Institute of Medical and Biological Engineering, University of Leeds, Leeds LS2 9JT, UK.
Warwick Clinical Trials Unit, University of Warwick, Coventry CV4 7AL, UK.
Sensors (Basel). 2023 Nov 9;23(22):9061. doi: 10.3390/s23229061.
This study aimed to develop and evaluate a new step-count algorithm, StepMatchDTWBA, for the accurate measurement of physical activity using wearable devices in both healthy and pathological populations. We conducted a study with 30 healthy volunteers wearing a wrist-worn MOX accelerometer (Maastricht Instruments, NL). The StepMatchDTWBA algorithm used dynamic time warping (DTW) barycentre averaging to create personalised templates for representative steps, accounting for individual walking variations.

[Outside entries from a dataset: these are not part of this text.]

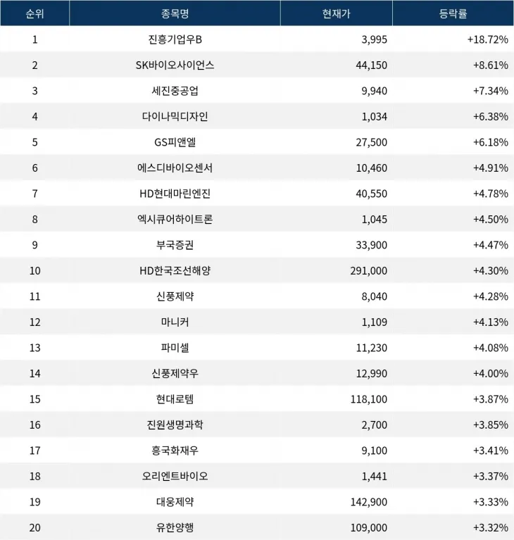 이어 상승률 2위 SK바이오사이언스(302440)는 현재가 44,150원으로 주가가 8.61% 상승하고 있다. 상승률 3위 세진중공업(075580)은 현재 9,940원으로 7.34% 상승하며 견고한 모습을 보이고 있다. 상승률 4위 다이나믹디자인(145210)은 6.38% 상승하며 1,034원에 거래되고 있다. 상승률 5위 GS피앤엘(499790)은 6.18%의 상승세를 타고 27,500원에 거래되고 있다.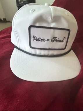 White Baseball Cap with "Putter = Friend" Script Patch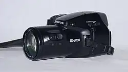 Neben Spiegelreflexkameras mit Wechselobjektiven entwickelte Olympus auch analoge Kleinbildkameras, sogenannte Bridgekameras in einer IS-Serie. Diese Olympus-Modelle tragen die Bezeichnung iS-1000 und iS-3000; letztgenannte Kamera wurde im Jahr 1992 auf den Markt gebracht. Dabei handelt es sich um Spiegelreflexkameras mit halb durchlässigem Spiegel, fest eingebautem Blitz und ebenfalls fest verbautem und in das Gehäuse integriertem Zoom-Objektiv. Die Objektive der beiden Kameramodelle weisen eine Lichtstärke von 1:4.5–5.6 und eine Brennweite von 35–180 mm auf, wobei diese Objektive allerdings im Gegensatz zu den meisten OM-Modellen über Autofokus verfügen.

DTW was then used to measure the similarity between the template and accelerometer epoch. The StepMatchDTWBA algorithm had an average root-mean-square error of 2 steps for healthy gaits and 12 steps for simulated pathological gaits over a distance of about 10 m (GAITRite walkway) and one flight of stairs. It outperformed benchmark algorithms for the simulated pathological population, showcasing the potential for improved accuracy in personalised step counting for pathological populations. The StepMatchDTWBA algorithm represents a significant advancement in accurate step counting for both healthy and pathological populations. This development holds promise for creating more precise and personalised activity monitoring systems, benefiting various health and wellness applications.
本研究旨在开发和评估一种新的计步算法 StepMatchDTWBA,以利用可穿戴设备在健康和病理人群中准确测量身体活动。我们进行了一项研究,有 30 名健康志愿者佩戴腕戴式 MOX 加速度计(Maastricht Instruments,NL)。StepMatchDTWBA 算法使用动态时间规整(DTW)重心平均法为代表性步伐创建个性化模板,考虑到个体行走的变化。然后,DTW 用于测量模板和加速度计时间序列之间的相似性。StepMatchDTWBA 算法在距离约 10 米(GAITRite 步道)和一段楼梯的情况下,对健康步态的平均均方根误差为 2 步,对模拟病理步态的平均均方根误差为 12 步。它在模拟病理人群中的基准算法表现出色,展示了在个性化计步方面提高准确性的潜力,适用于病理人群。StepMatchDTWBA 算法代表了在健康和病理人群中准确计步方面的重大进展。这一发展有望为创建更精确和个性化的活动监测系统提供支持,从而造福各种健康和保健应用。